## Exercise directions
The pictures get left out, but everything else in the listing below must be duplicated exactly.

START Collected data

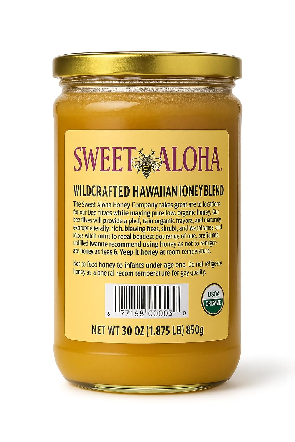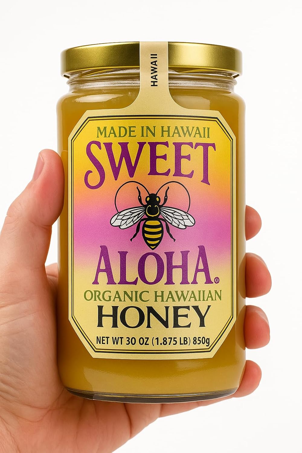 Sweet Aloha Organic Hawaiian Raw Honey is a 100% certified organic, unfiltered, and unheated honey harvested from multifloral blossoms in Hawaii. Hand-poured into a 30 oz glass jar, this wildcrafted blend preserves its natural enzymes, flavor, and creamy texture. Sustainably produced and non-GMO, our honey is ideal as a sweetener for teas, baking, or everyday use. Made in Hawaii by the Sweet Aloha Honey Company.
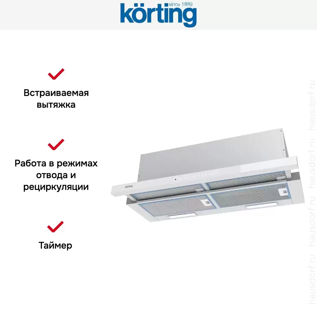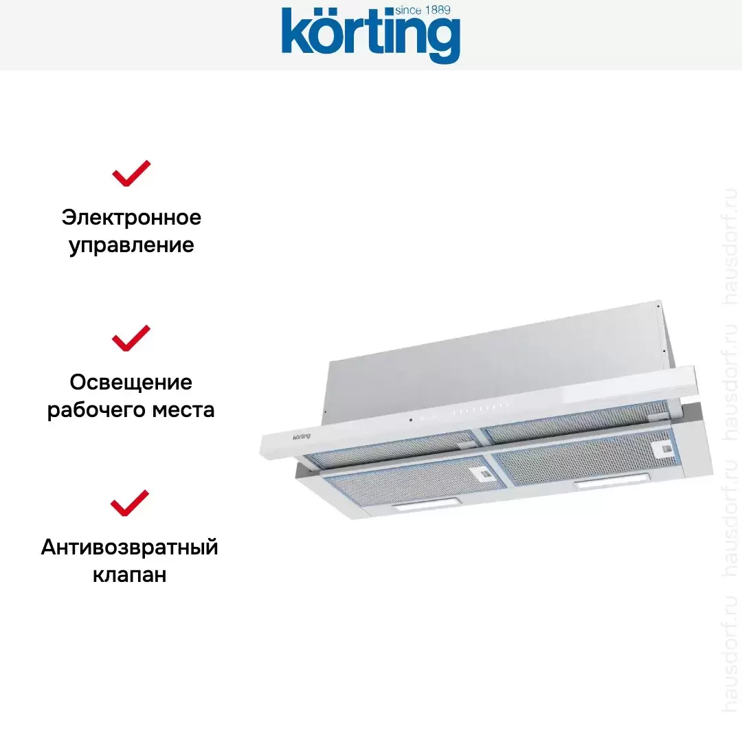 Встраиваемая вытяжка с выдвижным экраном Korting KHP 9975 GW — кухонная вытяжка высшего класса, итальянского производства, сочетающая надёжность и передовые технологии Korting.
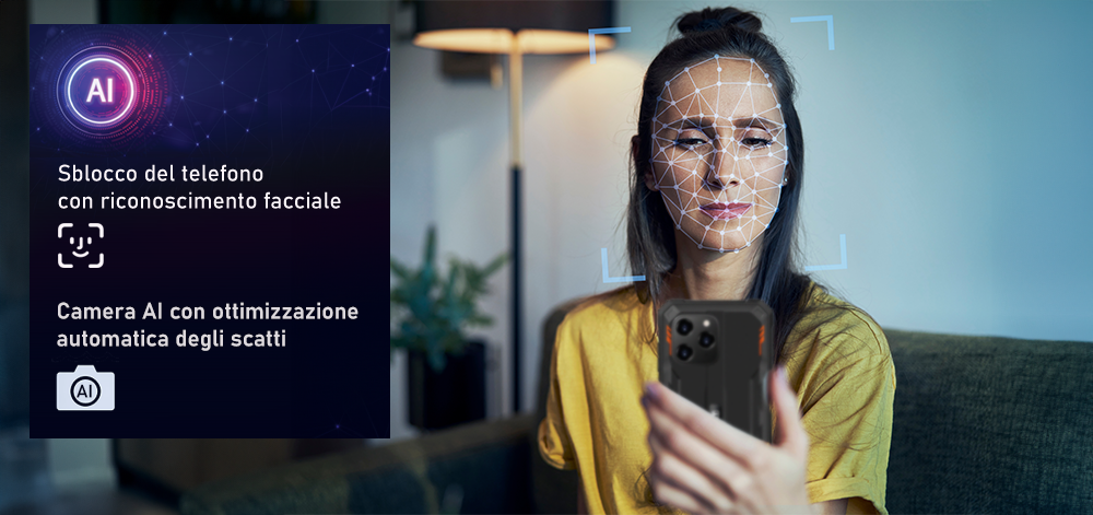 Inoltre la fotocamera, potenziata dall'AI, si adatta automaticamente a diverse condizioni ambientali, ottimizzando impostazioni come l'illuminazione, il contrasto e la saturazione per catturare foto di alta qualità in qualsiasi scenario.

END Collected data

## Result
 Sweet Aloha Organic Hawaiian Raw Honey is a 100% certified organic, unfiltered, and unheated honey harvested from multifloral blossoms in Hawaii. Hand-poured into a 30 oz glass jar, this wildcrafted blend preserves its natural enzymes, flavor, and creamy texture. Sustainably produced and non-GMO, our honey is ideal as a sweetener for teas, baking, or everyday use. Made in Hawaii by the Sweet Aloha Honey Company.
 Встраиваемая вытяжка с выдвижным экраном Korting KHP 9975 GW — кухонная вытяжка высшего класса, итальянского производства, сочетающая надёжность и передовые технологии Korting.
 Inoltre la fotocamera, potenziata dall'AI, si adatta automaticamente a diverse condizioni ambientali, ottimizzando impostazioni come l'illuminazione, il contrasto e la saturazione per catturare foto di alta qualità in qualsiasi scenario.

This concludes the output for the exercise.